Walking From Iseo – September 5th –September 12th
The forecast for the week was not good – an increasing probability of rain until Wednesday, when over 40mm was expected. However, if it hadn’t rained, we wouldn’t have experienced the amazing sight of the vertical, jagged-topped mountains poking through the thick layer of cloud, completely hiding Lake Iseo below. Everyone seemed to have a preferred way of keeping dry, few of which were entirely successful, and when we stopped for lunch, steam could be seen rising from members of the group as their clothes dried out in the sun.
The weather changed mid-week in time for the “free day” in Bergamo, with the excellent historic buildings and sights of the città alta – cathedral, baptistery, campanile, fountain, sundial/analemma.
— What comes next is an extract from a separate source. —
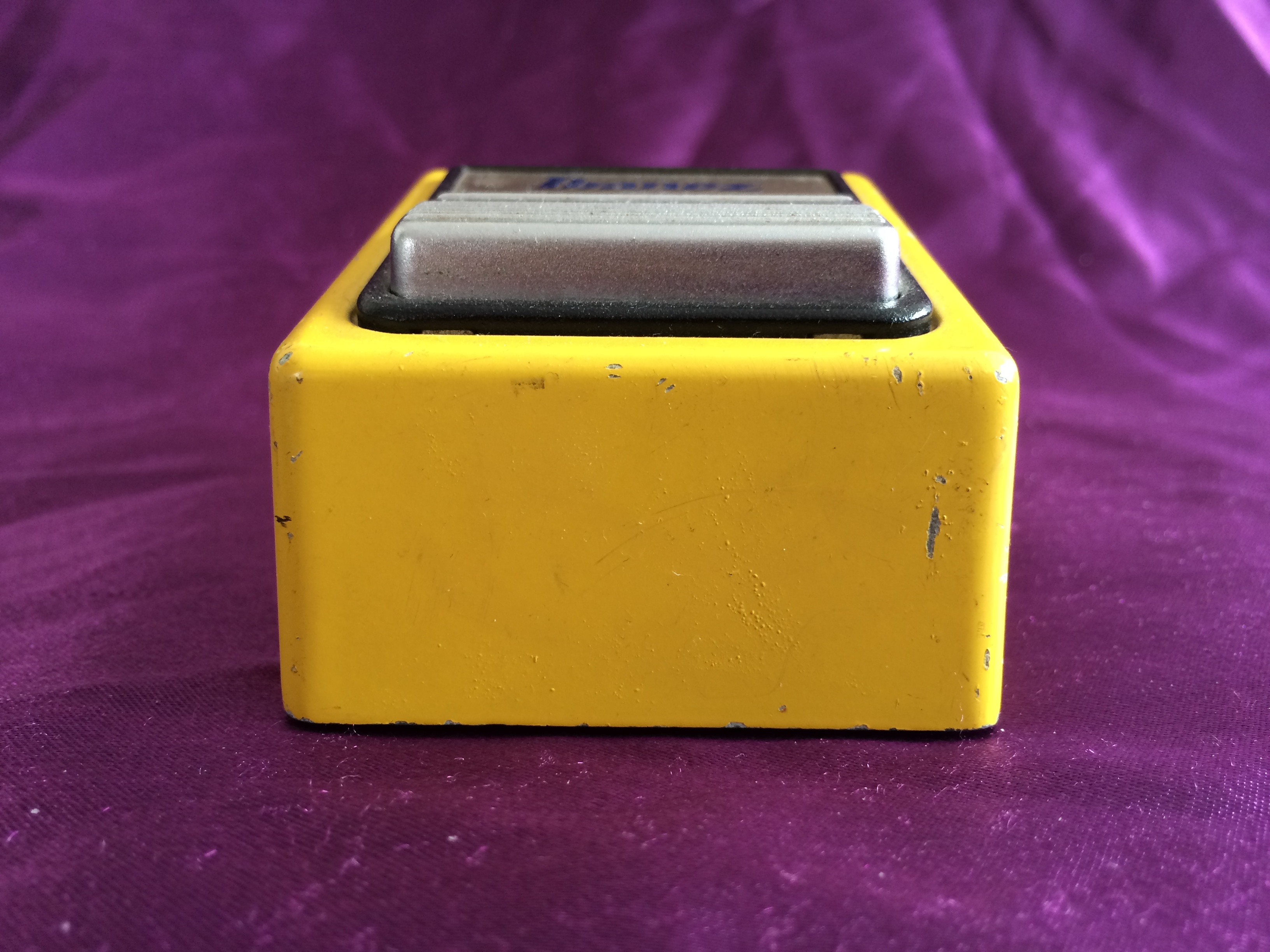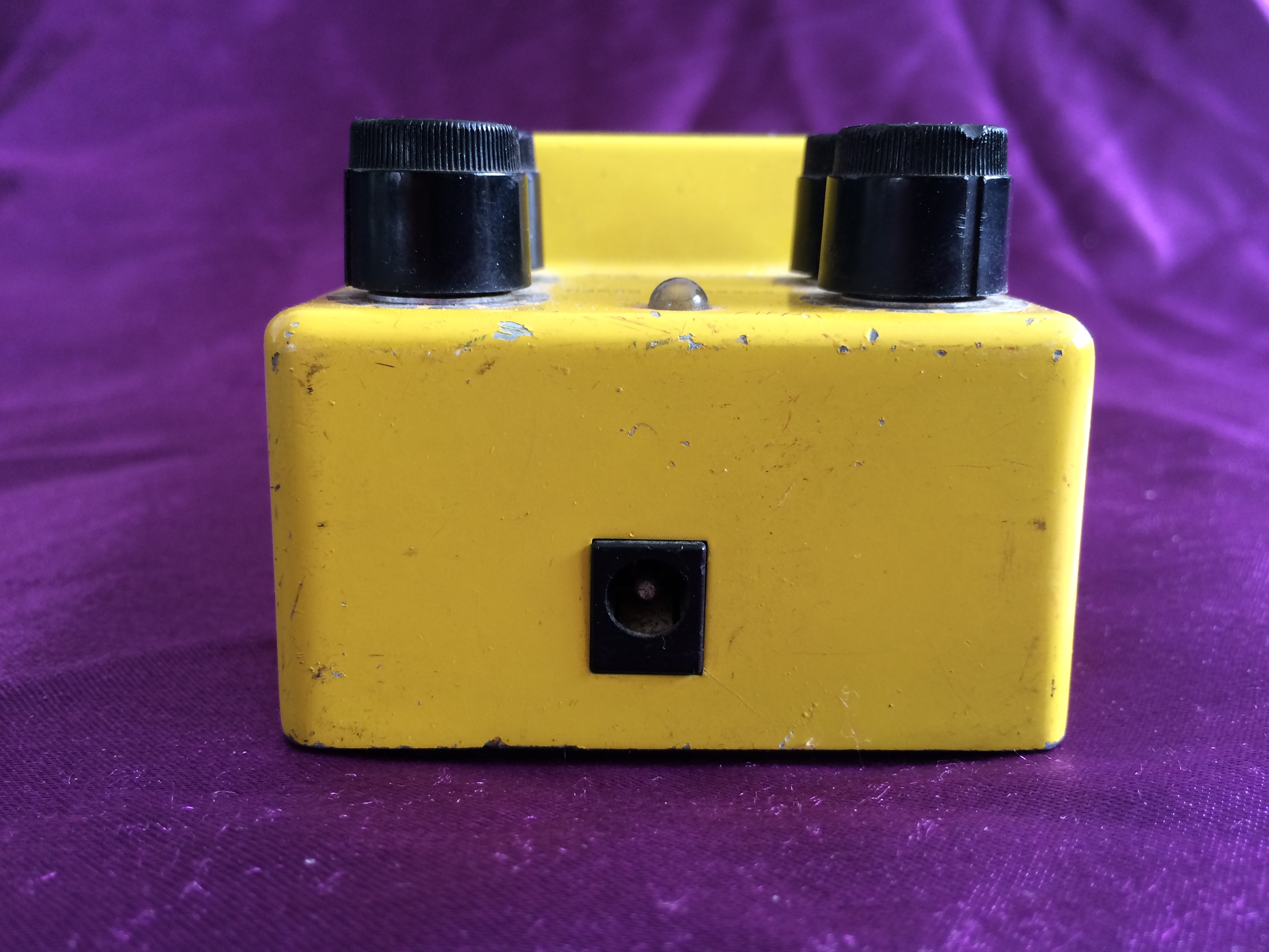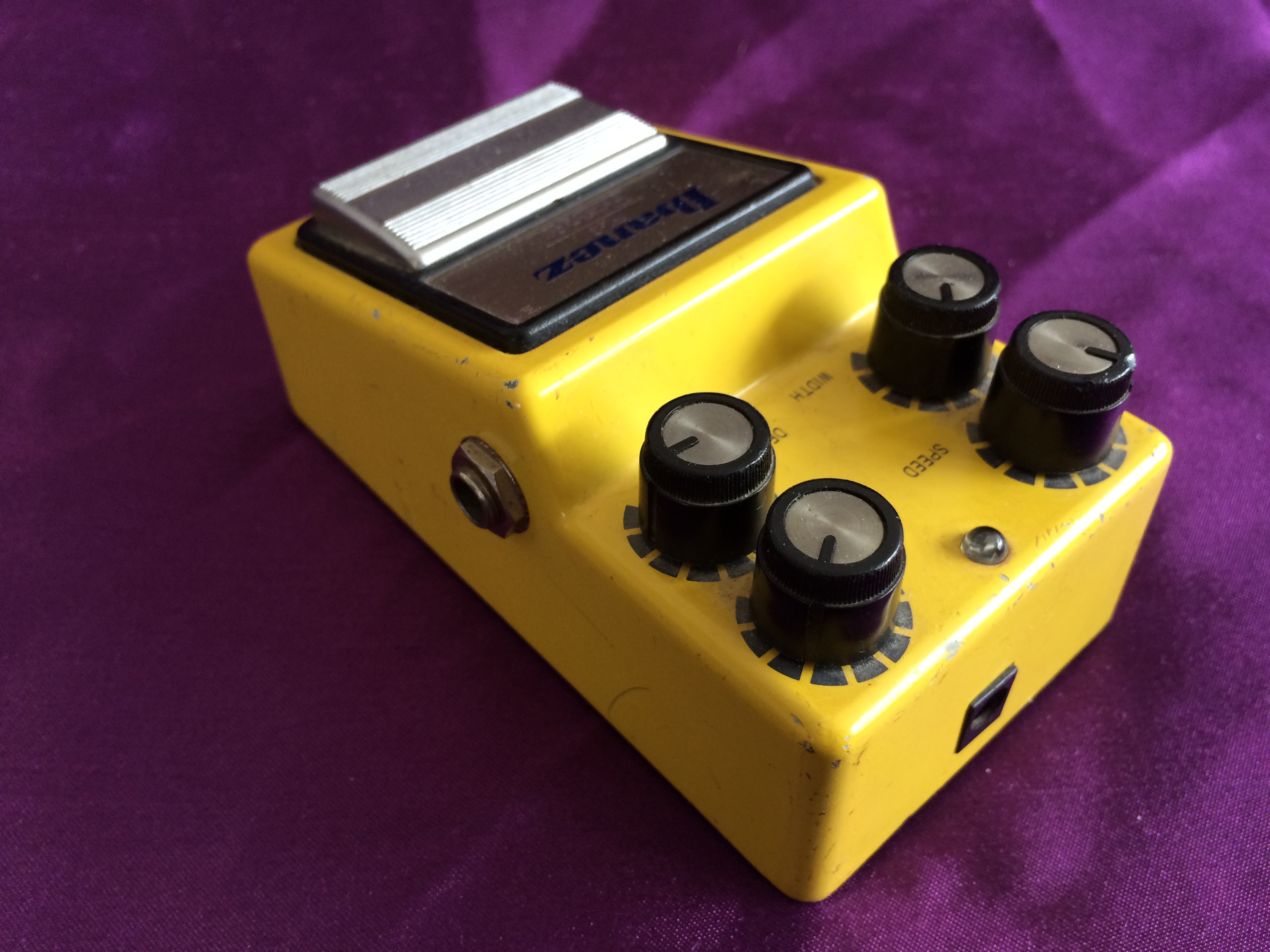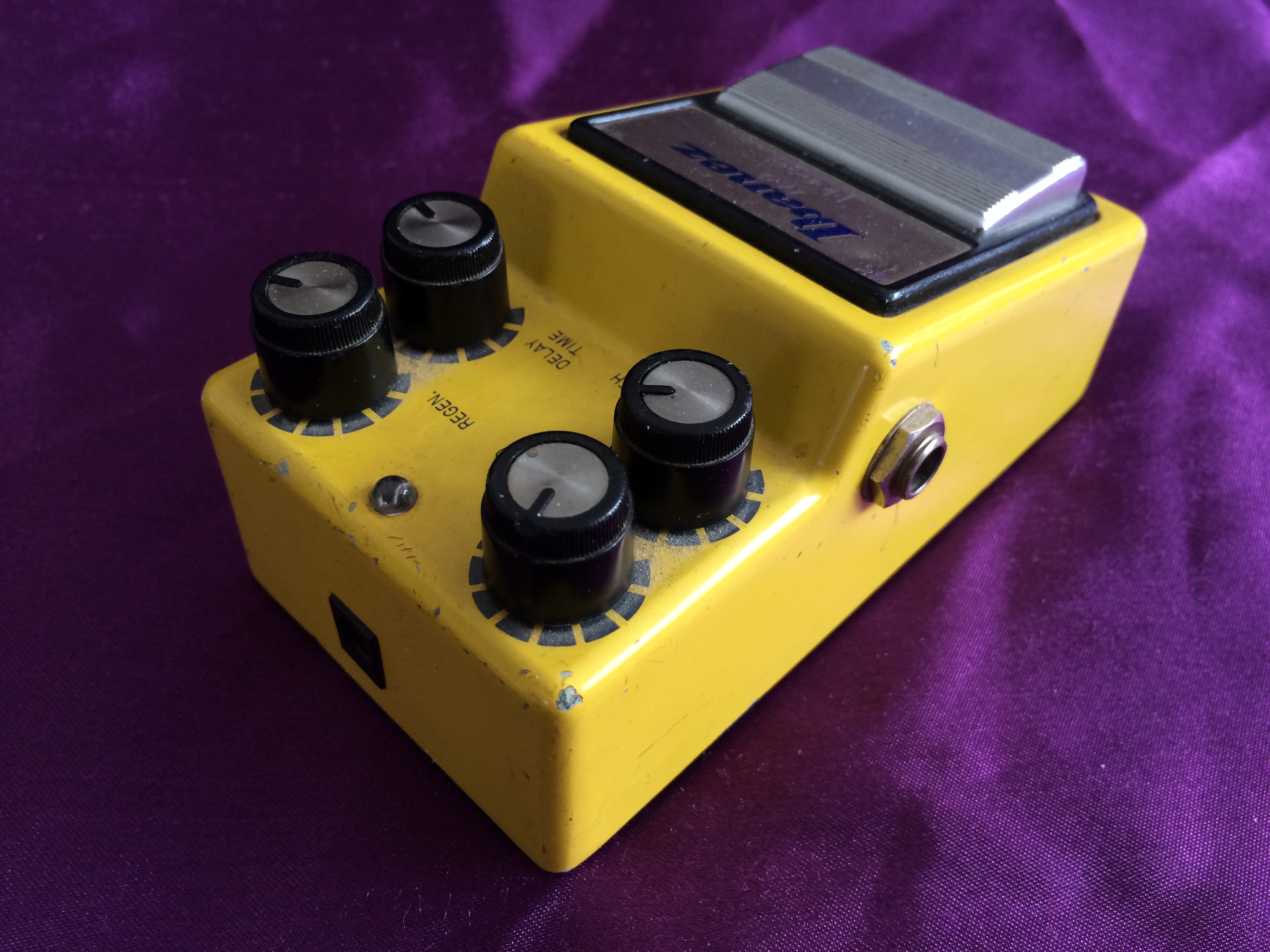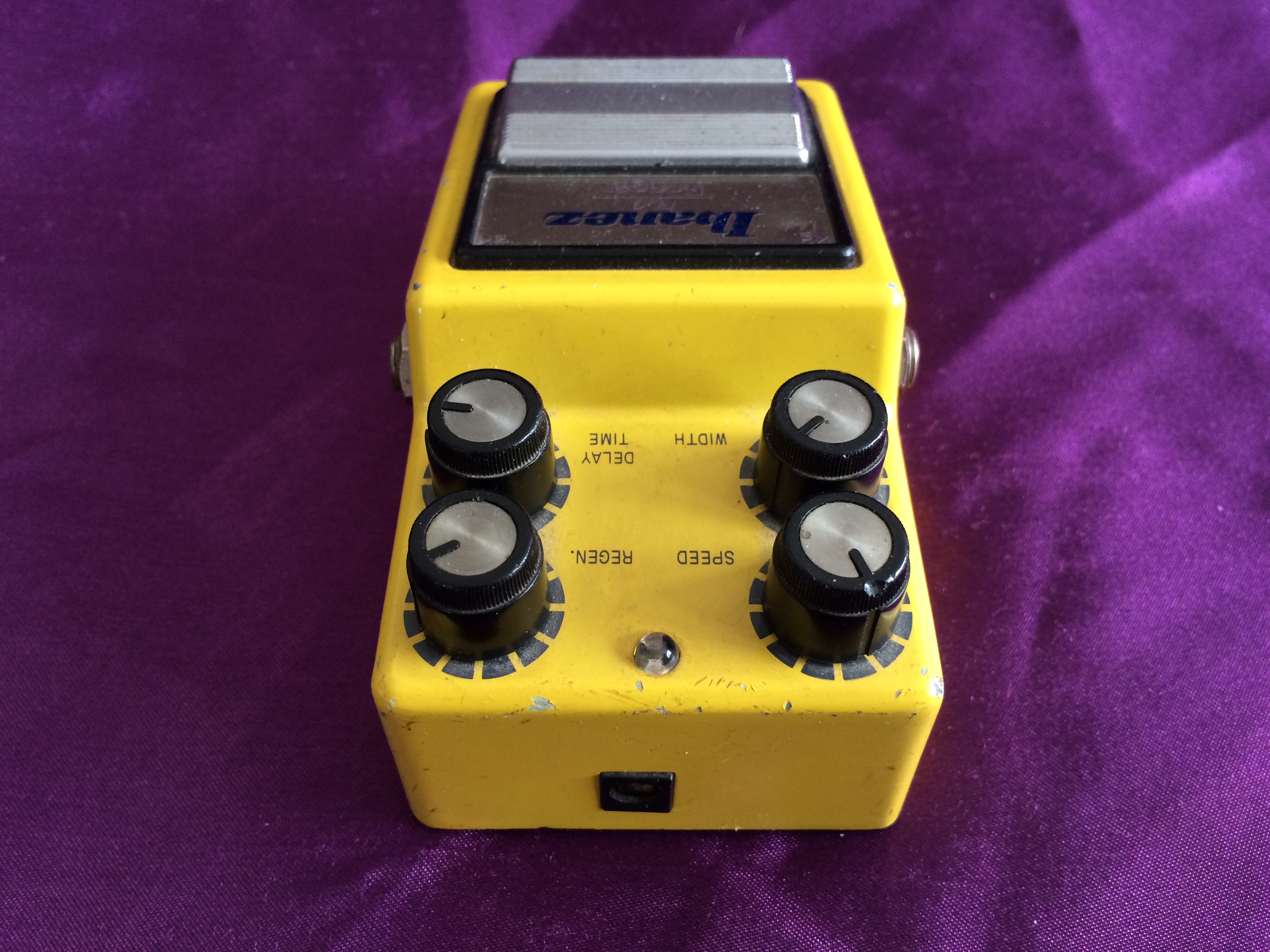 Here’s a cute banana‑coloured 1982 Ibanez FL9 Flanger, a direct descendent of the earlier FL301. I have to say that, for me, the complication of the fourth knob just makes it more difficult to dial in the exact sound you might be after – there is something to be said for simplicity. I prefer playing guitars, rather than having to fiddle with knobs just to find ‘that’ sound. However, when you hit the sweet spot(s), the sounds are lush and enticingly captivating. It is definitely a pedal that rewards spending a little time to get to know, in order to get the best out of it. This particular pedal is in fabulous all‑original condition with some very minor scratches and a minor cosmetic ding. It has the black ‘Made In Japan’ label on the base and the serial number indicates a c.1982 date.

A range of food was on offer in the shop windows crammed with appetizing pizzas, or the more leisurely dining at the Al Donizetti, and restaurants around the piazza.
Back to the walking from Sale Marasino, where the brochure promised “elements of vertigo” on the Corna Trentapassi walk, but strangely not for the ascent of the Punta Almana, 1395m, which was billed as the (demanding) highlight of the week.
Climbing the Almana, we met a walker making the descent, shaking his head and making gestures indicating the steepness each side of the ridge walk. However, at the top was a family with very young children who seemed to have far fewer concerns.
Some of the group had chosen the alternative walk – an advantage of the 2 leaders/two grades arrangement – but those who decided to make the ascent, even opted for the additional 1½ hour walk back to the hotel from the café, rather than arranging a minibus.
Throughout the week, villages around Lake Iseo were preparing for their local festivals, the one at Sale Marasino featuring a pumpkin competition, previously won by one weighing 440kg. In addition, there was a variety of small pumpkins to buy, stalls selling local cured meats, liquorice, pasta, and cheeses, and restaurants & trattoria offering pumpkin-based dishes.
The late afternoon flight on the last day permitted a leisurely walk around Sale Marasino, which had been closed to traffic for the day, or to take the ferry to Carzano for lunch.